Carmen E. Westerberg, Eric M. Lundgren, Susan M. Florczak, M. Marsel Mesulam, Sandra Weintraub, Phyllis C. Zee, Ken A. Paller

Research output: Contribution to journalArticle

51 Scopus citations

Abstract

Sleep is important for declarative memory consolidation in healthy adults. Sleep disruptions are typical in Alzheimer disease, but whether they contribute to memory impairment is unknown. Sleep has not been formally examined in amnestic mild cognitive impairment (aMCI), which is characterized by declarative-memory deficits without dementia and can signify prodromal Alzheimer disease. We studied 10 aMCI patients and 10 controls over 2 weeks using daily sleep surveys, wrist-worn activity sensors, and daily recognition tests. Recognition was impaired and more variable in aMCI patients, whereas sleep was similar across groups.
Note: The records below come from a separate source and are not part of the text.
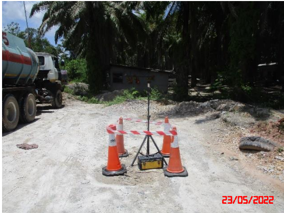
สำนักงานโรงแต่งแร่ของโครงการ
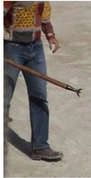
Izquierda: Crochet. Derecha: tridente usado para pinchar a toros en una Course Camarguaise.

del espectáculo), con lo que es frecuente que se use el tridente para forzar al toro a regresar a la arena. También se pueden crear lesiones de forma accidental con el crochet , el utensilio metálico que los toreros (llamados raseteurs ) llevan en la mano para cortar los cordeles que el toro lleva atado a la base de sus cuernos, mientras corren delante del toro evitando su embestida.
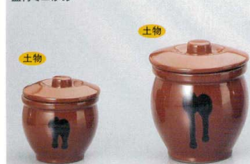
712-30-92B 970円 0.1号アメ色 1×80入 180cc
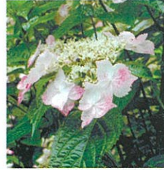
【ペニガクアジサイ】
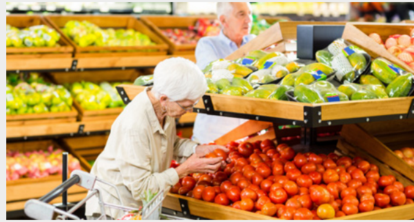
Favoriser les commerces de bouche en centre ville
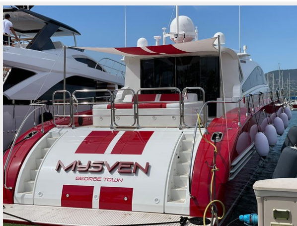
WhatsApp Image 2022-03-29 at 16.48.22
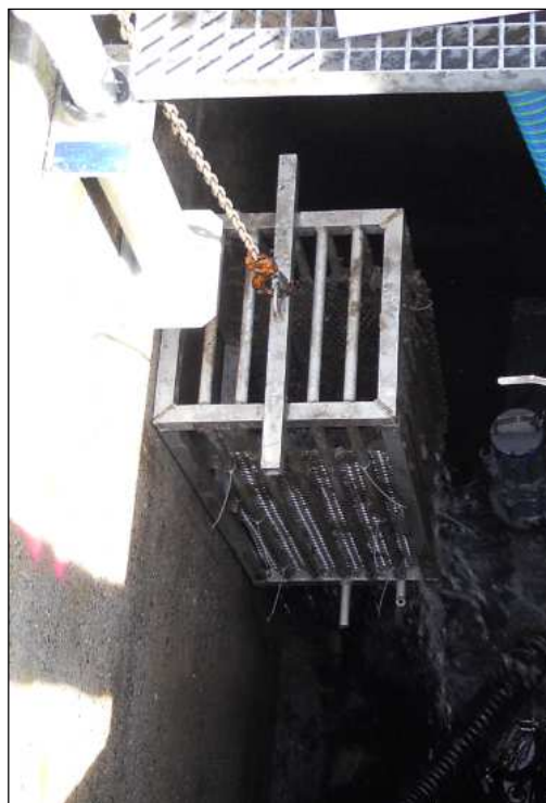
Panier de dégrillage

La bache de relevage était précédemment équipée d'un panier de dégrillage relevable. A l'entrée de cette station, les eaux usées sont particulièrement chargées de grosses particules (chaussettes, sachets plastique, serviettes hygiénique,...). Les roues des pompes de relevage se trouvaient donc régulièrement bloquées par des débris de gros diamètre.
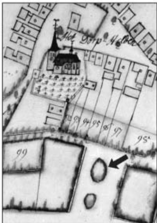
Tiendenkaart uit 1734. (Uitsnede Helden-Dorp met de Pastoorswijer, zie pijl.)

Het ven zal wel aan die naam gekomen zijn omdat de pastoor van Helden er het vистrecht had. Al heb ik nooit enig document hierover gezien, toch lijkt dit me de voor de hand liggende verklaring voor de naam.
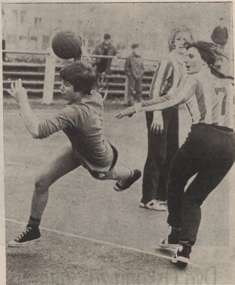
Kljub zmagi nad kranjsko Mladostjo je ženska ekipa Slovana zasedla šele drugo mesto
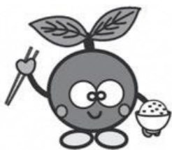
全国2位の給食を食べるっチャ

高齢者学び応援バスポート 高齢者の生きがいづくり・健康増進のため、「高齢者学び応援バスポート」を発行しています。
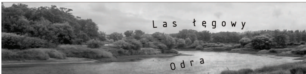
Ryc. 3. Krajobraz doliny Odry w okolicy miejscowości Rzeczyca Fig. 3. Landscape of Odra valley near Rzeczyca

Położenie w obrębie dwóch krain geograficznych powoduje, że północna i południowa część gminy Środa Śląska są odmienne pod względem krajobrazowym. Pradolina Wrocławska (północna część gminy) obejmuje dolinę Odry oraz dolne odcinki jej dopływów. Wzdłuż koryta rzeki występują zwarte kompleksy lasów łęgowych – głównie łągi jesionowo – wiązowe oraz podmokłe łąki o wysokich walorach ekologicznych i krajobrazowych (ryc. 3). Ponadto znajdują się tu atrakcyjne starorzecza ze zbiornikami wodnymi i bagienami. Obszar wzdłuż doliny Odry to jeden z najważniejszych korytarzy ekologicznych w Europie Środkowej – jest częścią Krajowej Sieci Ekologicznej ECONET – PL oraz objęty ochroną jako obszar Natura 2000 pod nazwą „Łęgi Odrzańskie”. Tą część gminy cechuje niewielkie nasycenie obiektami zabytkowymi.

However, lower recognition of items learned the previous day was associated with lower subjective sleep quality in aMCI patients. This correlation was not present for information learned the same day and thus did not reflect nonspecific effects of poor sleep on memory. These results indicate that inadequate memory consolidation in aMCI patients is related to declines in subjective sleep indices. Furthermore, participants with greater across-night sleep variability exhibited lower scores on a standardized recall test taken prior to the 2-week protocol, suggesting that consistent sleep across nights also contributes to successful memory. Physiological analyses are needed to further specify which aspects of sleep in neurological disorders impact memory function and consolidation.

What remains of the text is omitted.